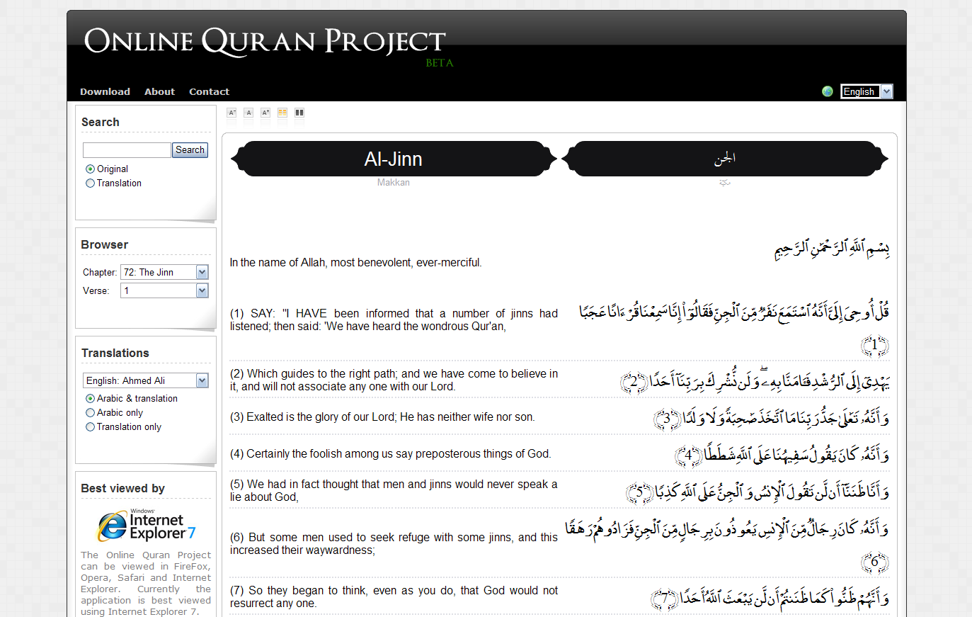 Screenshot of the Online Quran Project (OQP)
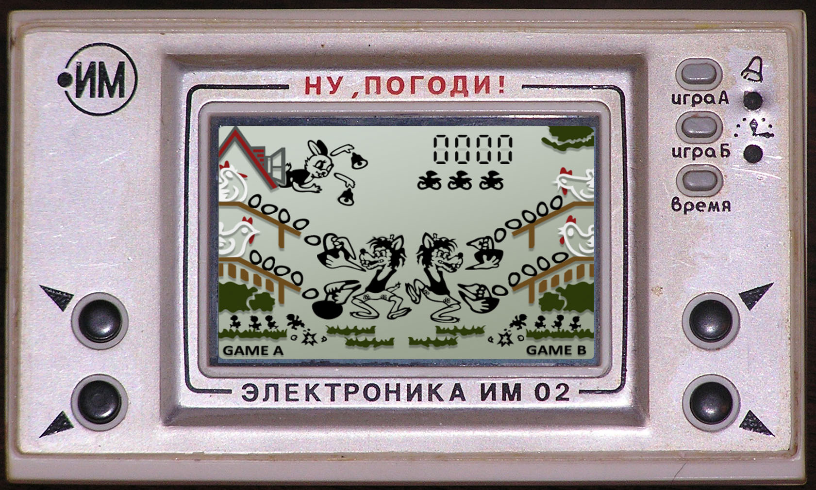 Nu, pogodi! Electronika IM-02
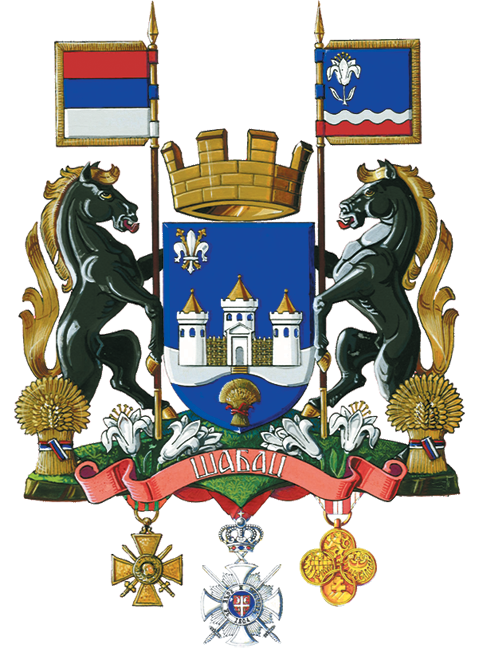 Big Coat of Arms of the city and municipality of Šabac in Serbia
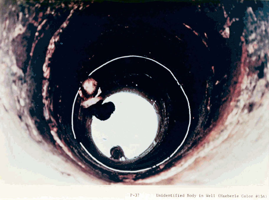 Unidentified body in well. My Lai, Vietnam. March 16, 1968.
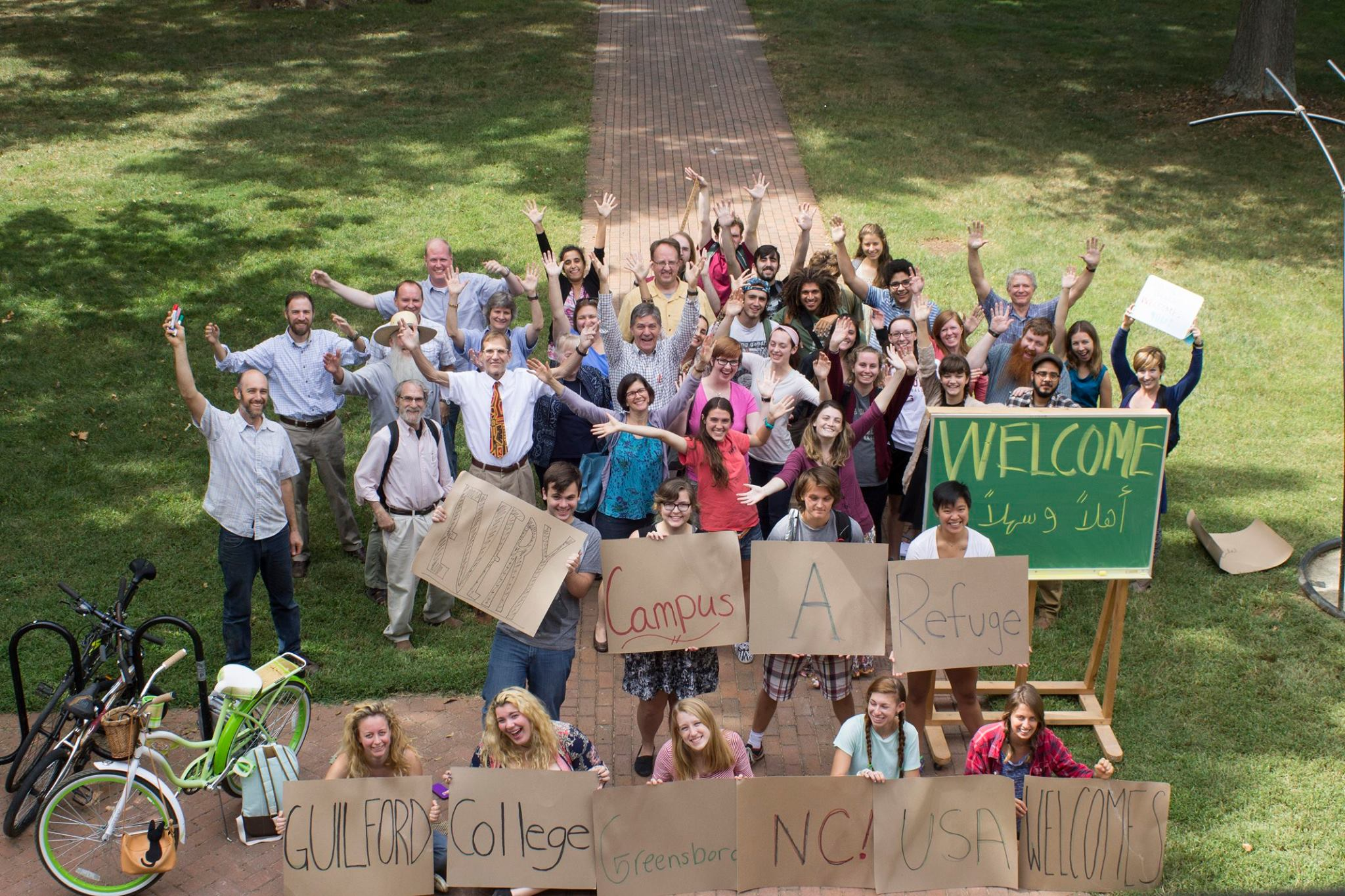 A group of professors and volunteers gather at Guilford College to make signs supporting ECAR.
##########
• _Work order_
Copy every record exactly, dropping the images.

• _Answer space_
 Screenshot of the Online Quran Project (OQP)
 Nu, pogodi! Electronika IM-02
 Big Coat of Arms of the city and municipality of Šabac in Serbia
 Unidentified body in well. My Lai, Vietnam. March 16, 1968.
 A group of professors and volunteers gather at Guilford College to make signs supporting ECAR.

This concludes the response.